C/2019 Y4 Atlas near NGC2403

NGC2403 and C2019 Y4 Atlas Widefield in Camelopardalis.

Work in Progress

The project is a composite mosaic of the comet C/2019 Y4 Atlas as it passes through the Widefield region of Camelopardalis between the dates of 2020-04-02 and 2020-04-15. The background image was taken across 3 nights in December 2019 before the comet arrived into the field of view and consists of 6 hours of integration time. Then the same FOV was shot again on 2019-04-01 and 2020-04-09 (to process) with the Comet in frame.
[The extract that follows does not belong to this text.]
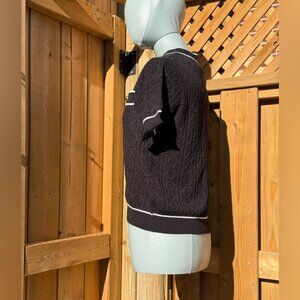 🆕 KARL LAGERFELD 🧿 NWT Black Classic Jacquard Knit Short Sleeve Sweater SzL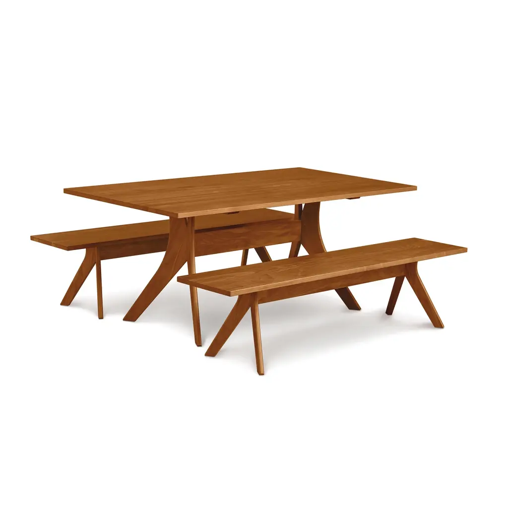 Made in Vermont by Copeland Furniture. The double X formation of the Audrey Dining Table trestle creates a state of dynamic tension giving the design a rigid base that provides diners with plenty of unobstructed leg room. Features

The comet image was stacked independently, and the two data sets were combined. The data was captured using a Rokinon 135mm f2.0 lens at f2.0, and an asi071mc camera cooled to -10C.

Additional data is being acquired for each night between 2019-04-03 and 2020-04-15 using my 1000mm f4.9 newt as I’ve been able to shoot through some partially cloudy nights with some success so far. That data has yet to be processed, but hope to add them to this image as time permits me to process.

The comet is moving from the mid-upper left corner of this field of view, and will be passing through the view of the dusty nebula (HSVMT 25) 2020-04-11 through 2020-04-13. I encourage anyone with dark skies and a fast scope to give it a shot before the moon comes up this weekend. It should make for a very interesting composition!